Task to carry out – Given the entries below, would you transcribe exactly the lines starting at the one with "那珂川町の特産品を唐揚げにし" and ending at the one with "新規格には安全の観点から注意", both kept, pictures omitted, nothing extra?

Data shown –
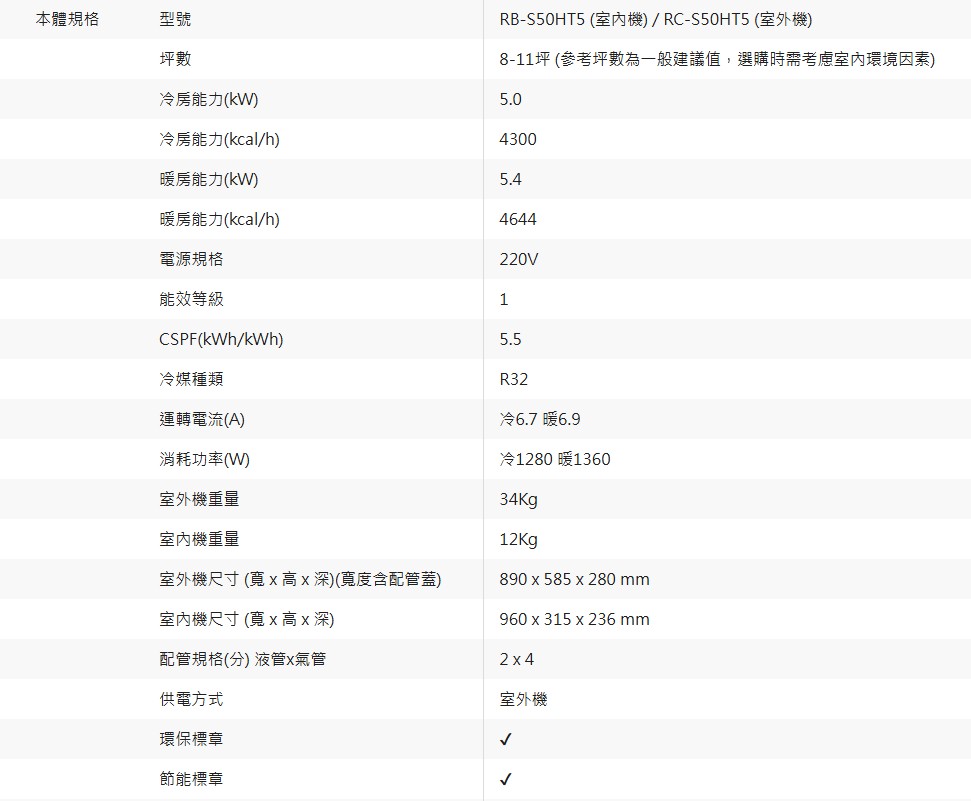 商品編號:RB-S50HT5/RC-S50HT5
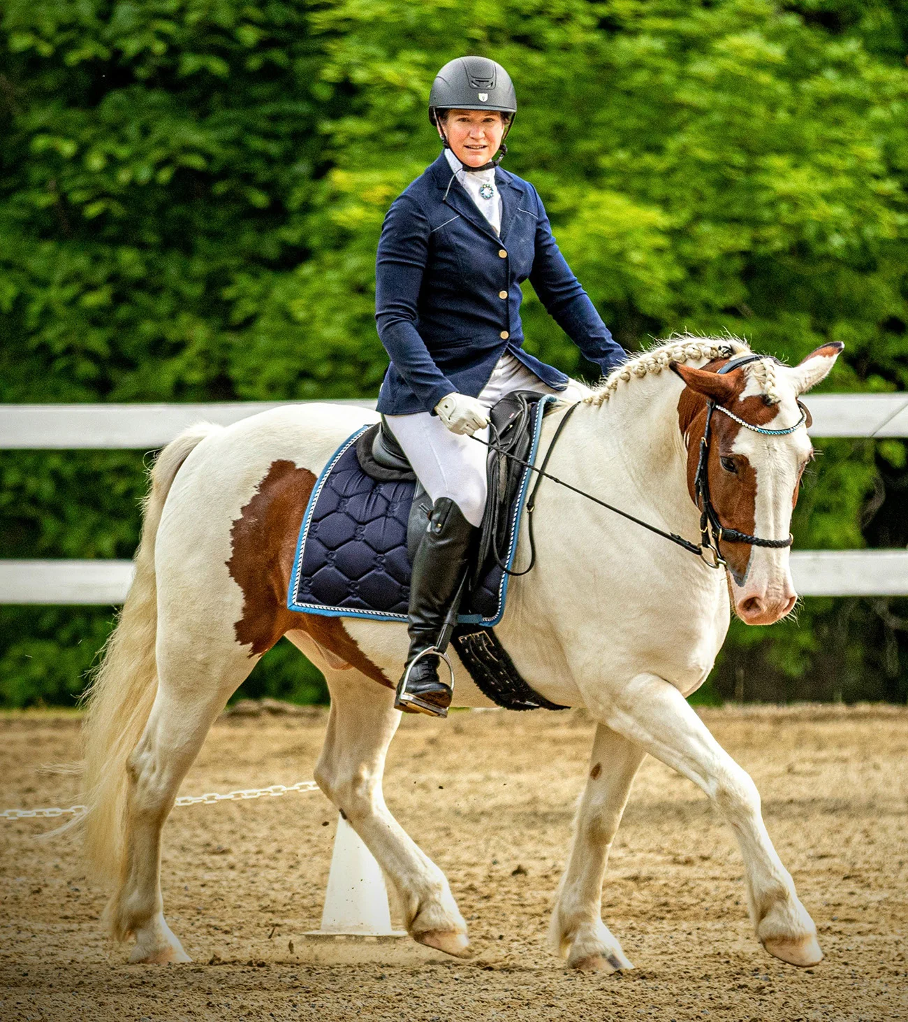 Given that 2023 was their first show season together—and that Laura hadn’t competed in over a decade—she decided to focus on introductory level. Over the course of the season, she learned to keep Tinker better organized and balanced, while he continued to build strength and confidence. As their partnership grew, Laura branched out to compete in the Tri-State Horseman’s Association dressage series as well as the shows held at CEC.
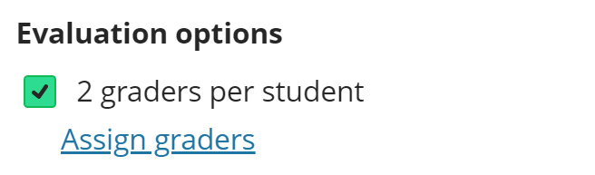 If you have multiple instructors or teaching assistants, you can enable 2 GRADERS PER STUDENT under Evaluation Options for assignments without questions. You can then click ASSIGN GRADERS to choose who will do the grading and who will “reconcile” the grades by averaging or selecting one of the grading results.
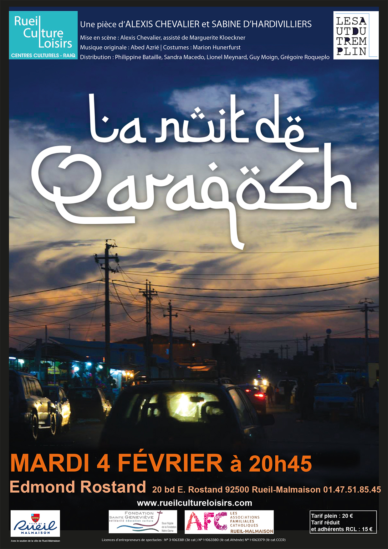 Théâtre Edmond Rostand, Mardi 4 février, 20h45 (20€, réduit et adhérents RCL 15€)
---
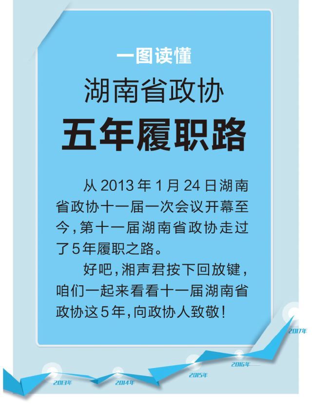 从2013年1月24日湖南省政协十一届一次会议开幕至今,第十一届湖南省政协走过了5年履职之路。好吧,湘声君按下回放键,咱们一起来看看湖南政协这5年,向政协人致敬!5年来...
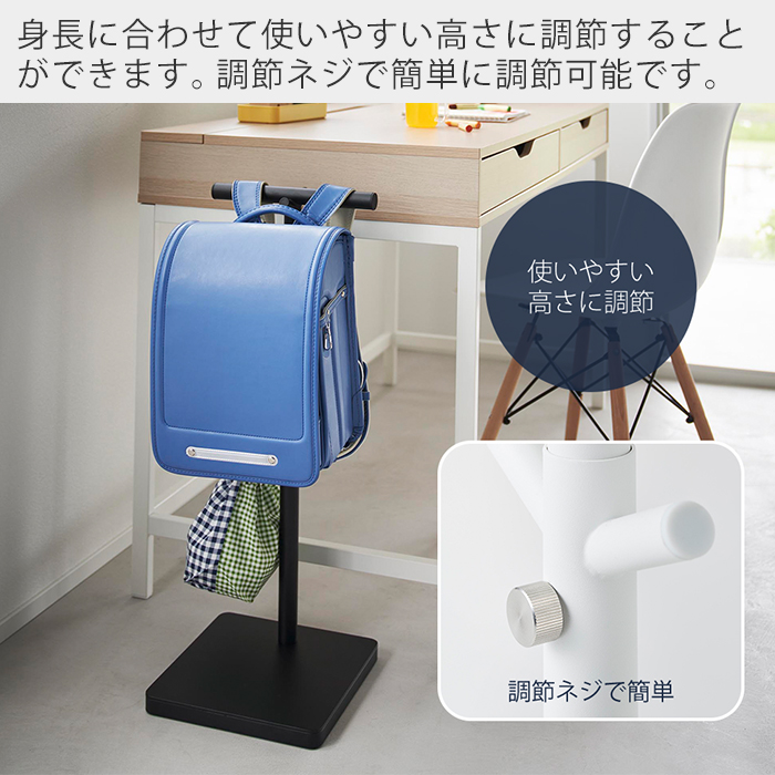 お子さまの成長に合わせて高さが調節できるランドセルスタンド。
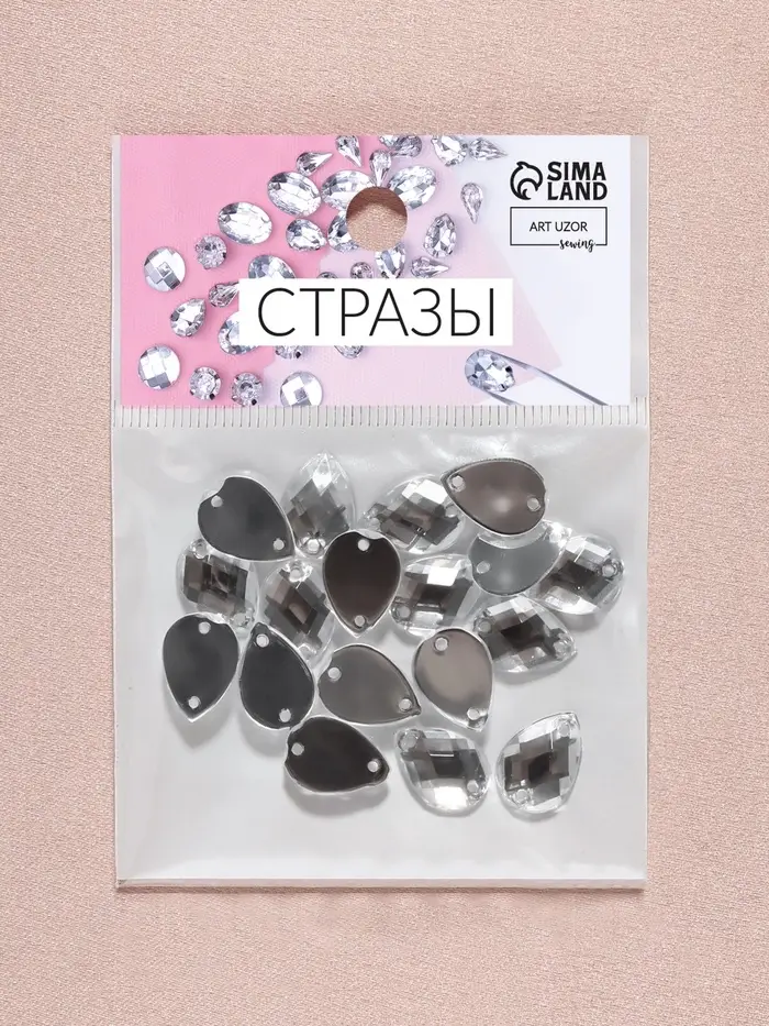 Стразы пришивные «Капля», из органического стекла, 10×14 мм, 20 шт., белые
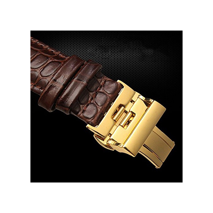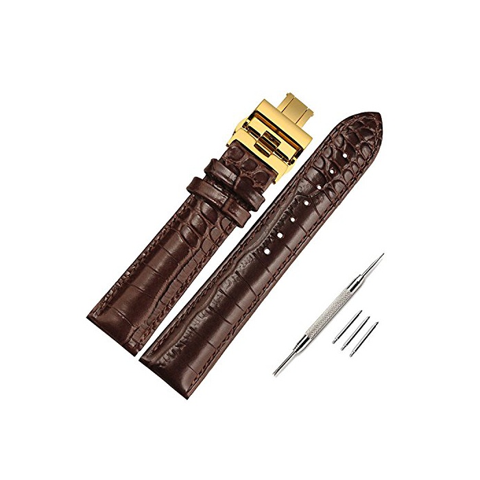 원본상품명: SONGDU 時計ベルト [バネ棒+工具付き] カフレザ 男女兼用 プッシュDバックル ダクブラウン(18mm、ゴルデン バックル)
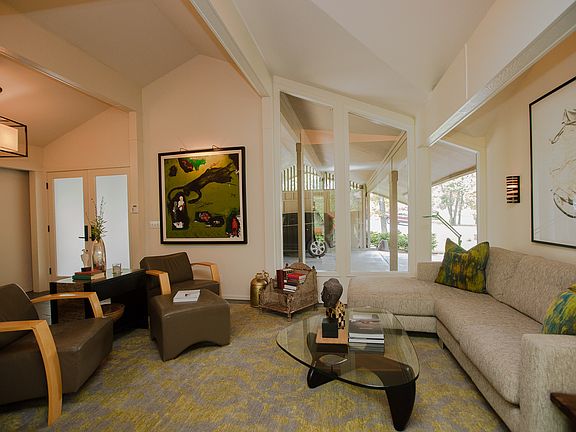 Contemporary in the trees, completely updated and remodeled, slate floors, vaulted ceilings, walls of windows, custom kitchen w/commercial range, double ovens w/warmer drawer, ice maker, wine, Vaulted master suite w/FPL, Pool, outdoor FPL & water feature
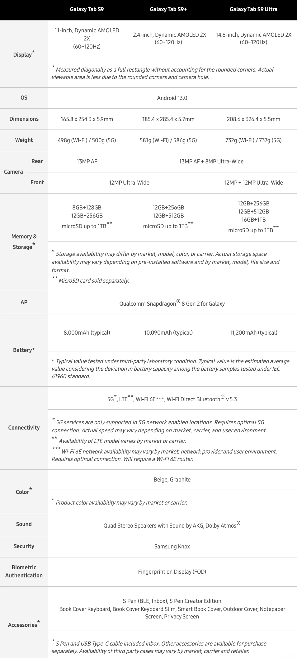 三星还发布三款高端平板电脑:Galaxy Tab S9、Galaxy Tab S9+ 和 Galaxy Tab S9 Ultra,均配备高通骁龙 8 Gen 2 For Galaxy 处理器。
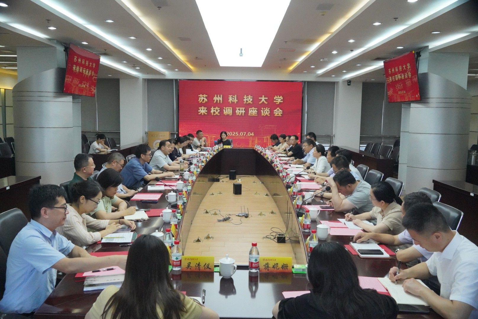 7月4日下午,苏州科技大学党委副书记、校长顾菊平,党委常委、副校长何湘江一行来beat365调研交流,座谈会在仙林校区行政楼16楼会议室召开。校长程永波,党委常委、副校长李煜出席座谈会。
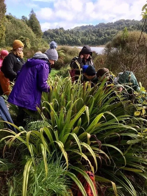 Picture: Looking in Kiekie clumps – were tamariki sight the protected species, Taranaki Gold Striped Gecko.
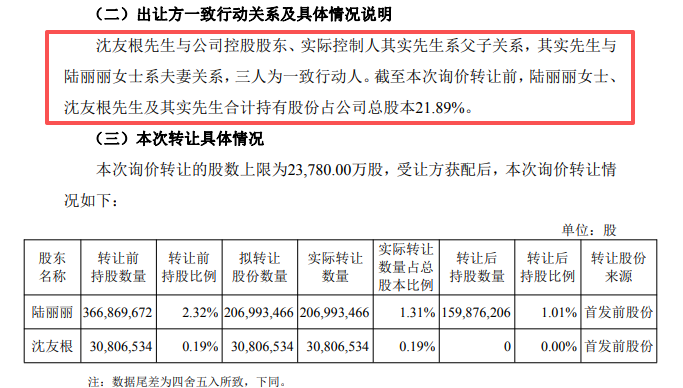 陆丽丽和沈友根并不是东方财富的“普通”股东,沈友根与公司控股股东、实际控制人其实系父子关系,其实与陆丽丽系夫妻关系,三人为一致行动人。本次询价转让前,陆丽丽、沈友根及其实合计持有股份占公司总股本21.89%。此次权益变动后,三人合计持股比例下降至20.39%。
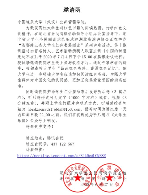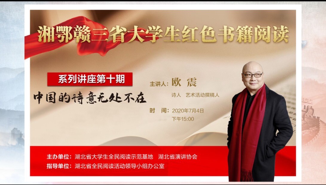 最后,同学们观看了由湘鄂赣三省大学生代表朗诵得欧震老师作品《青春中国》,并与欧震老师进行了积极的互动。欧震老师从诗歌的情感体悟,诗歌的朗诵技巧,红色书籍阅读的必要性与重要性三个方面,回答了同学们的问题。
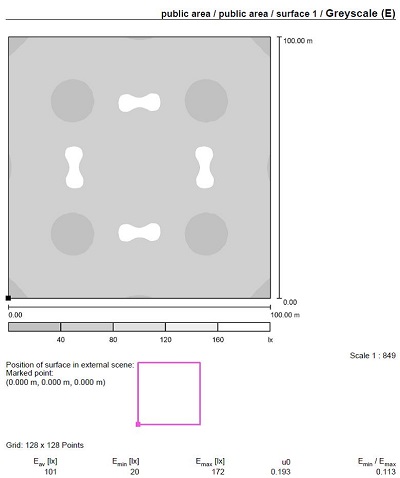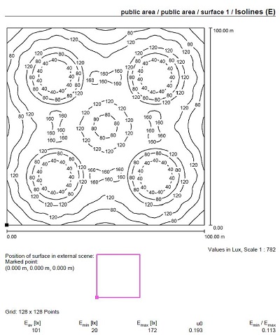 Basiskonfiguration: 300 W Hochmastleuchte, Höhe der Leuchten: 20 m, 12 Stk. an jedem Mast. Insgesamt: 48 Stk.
...
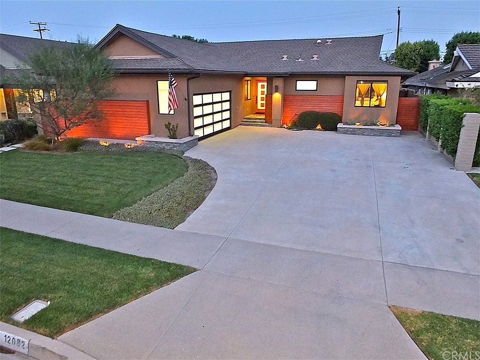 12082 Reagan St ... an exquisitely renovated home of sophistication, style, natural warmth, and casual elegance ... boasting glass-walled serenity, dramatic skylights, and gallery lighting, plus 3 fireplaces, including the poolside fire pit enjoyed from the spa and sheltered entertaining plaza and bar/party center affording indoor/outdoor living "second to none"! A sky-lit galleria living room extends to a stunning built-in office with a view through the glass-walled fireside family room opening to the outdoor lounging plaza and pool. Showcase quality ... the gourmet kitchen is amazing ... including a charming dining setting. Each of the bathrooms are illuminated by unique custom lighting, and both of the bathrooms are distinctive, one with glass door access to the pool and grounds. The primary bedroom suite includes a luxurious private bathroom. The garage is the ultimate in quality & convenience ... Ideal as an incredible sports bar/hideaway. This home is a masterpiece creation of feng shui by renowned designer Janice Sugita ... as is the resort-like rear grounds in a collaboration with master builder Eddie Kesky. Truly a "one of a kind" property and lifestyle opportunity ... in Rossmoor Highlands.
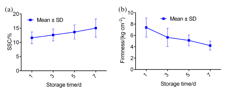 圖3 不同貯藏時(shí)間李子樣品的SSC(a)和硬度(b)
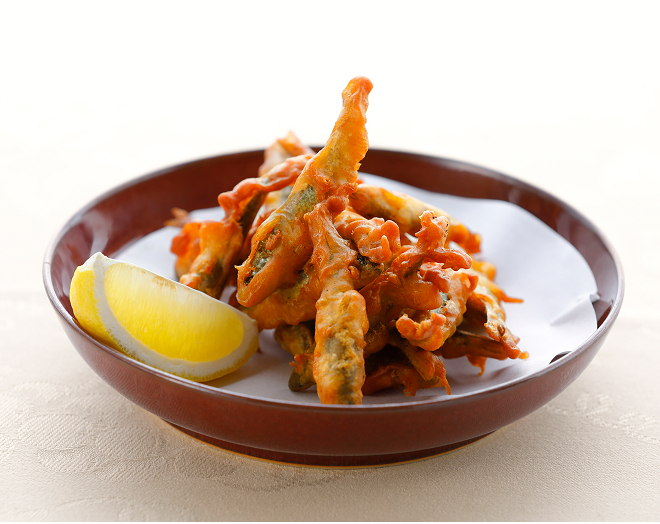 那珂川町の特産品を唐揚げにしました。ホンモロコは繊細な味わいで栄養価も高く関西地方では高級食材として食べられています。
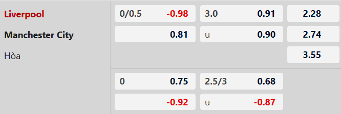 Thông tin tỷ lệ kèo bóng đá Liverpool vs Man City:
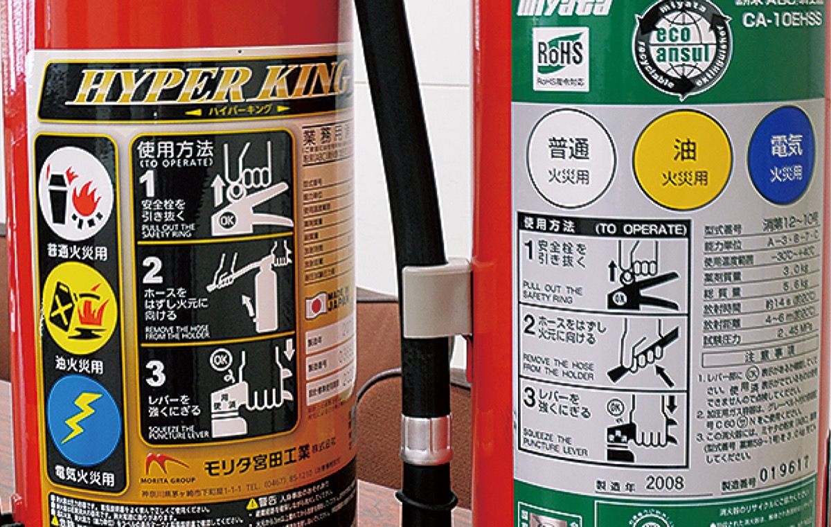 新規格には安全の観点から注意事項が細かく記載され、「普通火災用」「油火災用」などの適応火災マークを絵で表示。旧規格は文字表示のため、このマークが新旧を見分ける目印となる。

Expected output –
 那珂川町の特産品を唐揚げにしました。ホンモロコは繊細な味わいで栄養価も高く関西地方では高級食材として食べられています。
 Thông tin tỷ lệ kèo bóng đá Liverpool vs Man City:
 新規格には安全の観点から注意事項が細かく記載され、「普通火災用」「油火災用」などの適応火災マークを絵で表示。旧規格は文字表示のため、このマークが新旧を見分ける目印となる。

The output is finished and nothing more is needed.